Exercise material:
╭──

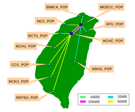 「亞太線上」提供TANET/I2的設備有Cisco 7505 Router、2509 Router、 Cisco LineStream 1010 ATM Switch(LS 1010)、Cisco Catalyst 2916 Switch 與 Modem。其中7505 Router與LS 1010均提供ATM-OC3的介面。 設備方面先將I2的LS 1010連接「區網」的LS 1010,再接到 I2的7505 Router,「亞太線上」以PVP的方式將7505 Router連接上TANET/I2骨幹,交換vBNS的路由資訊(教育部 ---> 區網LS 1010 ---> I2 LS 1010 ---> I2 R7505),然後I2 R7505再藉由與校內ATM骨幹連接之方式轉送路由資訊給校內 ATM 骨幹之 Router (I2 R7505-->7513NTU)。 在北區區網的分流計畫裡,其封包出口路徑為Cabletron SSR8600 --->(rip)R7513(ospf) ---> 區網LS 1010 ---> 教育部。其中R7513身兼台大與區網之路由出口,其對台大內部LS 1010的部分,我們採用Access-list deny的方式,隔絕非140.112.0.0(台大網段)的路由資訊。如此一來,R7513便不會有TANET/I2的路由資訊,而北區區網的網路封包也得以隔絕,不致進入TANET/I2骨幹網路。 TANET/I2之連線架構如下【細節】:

╰──
╭──

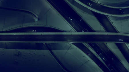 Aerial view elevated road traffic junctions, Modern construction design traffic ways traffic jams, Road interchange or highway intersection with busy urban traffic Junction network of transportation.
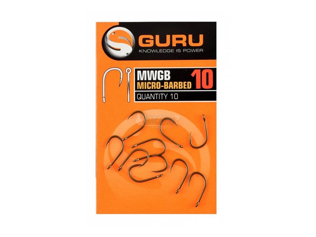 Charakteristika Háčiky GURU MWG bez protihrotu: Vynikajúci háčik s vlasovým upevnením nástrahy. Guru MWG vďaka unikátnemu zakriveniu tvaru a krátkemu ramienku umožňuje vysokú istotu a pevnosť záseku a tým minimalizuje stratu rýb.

╰──
╭──

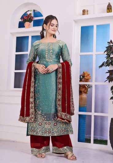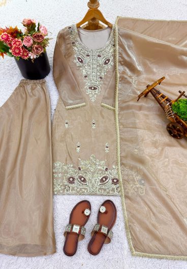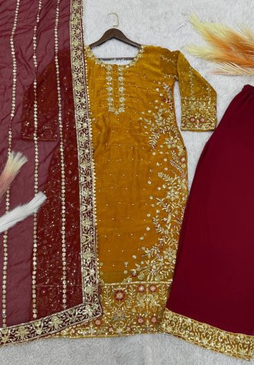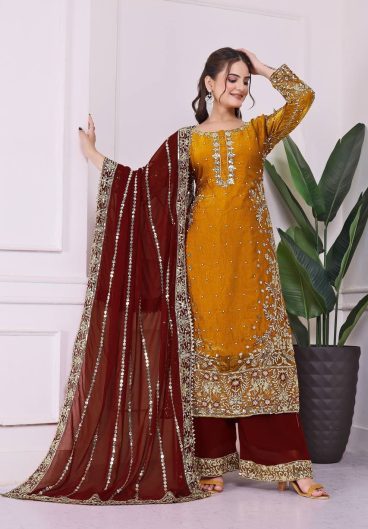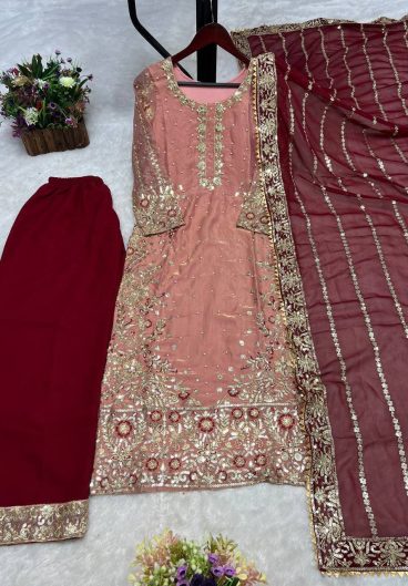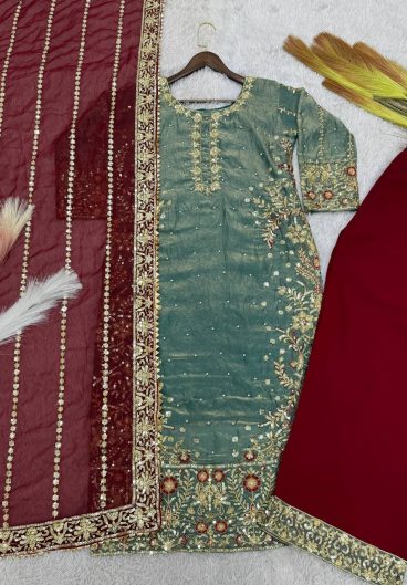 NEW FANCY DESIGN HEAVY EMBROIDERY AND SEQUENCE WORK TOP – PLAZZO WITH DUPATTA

╰──

What to work on:
Although the records above contain pictures, the copy should not; retype exactly the lines from the one containing "Aerial view elevated" through the one containing "Charakteristika Háčiky GURU".

Answer area:
 Aerial view elevated road traffic junctions, Modern construction design traffic ways traffic jams, Road interchange or highway intersection with busy urban traffic Junction network of transportation.
 Charakteristika Háčiky GURU MWG bez protihrotu: Vynikajúci háčik s vlasovým upevnením nástrahy. Guru MWG vďaka unikátnemu zakriveniu tvaru a krátkemu ramienku umožňuje vysokú istotu a pevnosť záseku a tým minimalizuje stratu rýb.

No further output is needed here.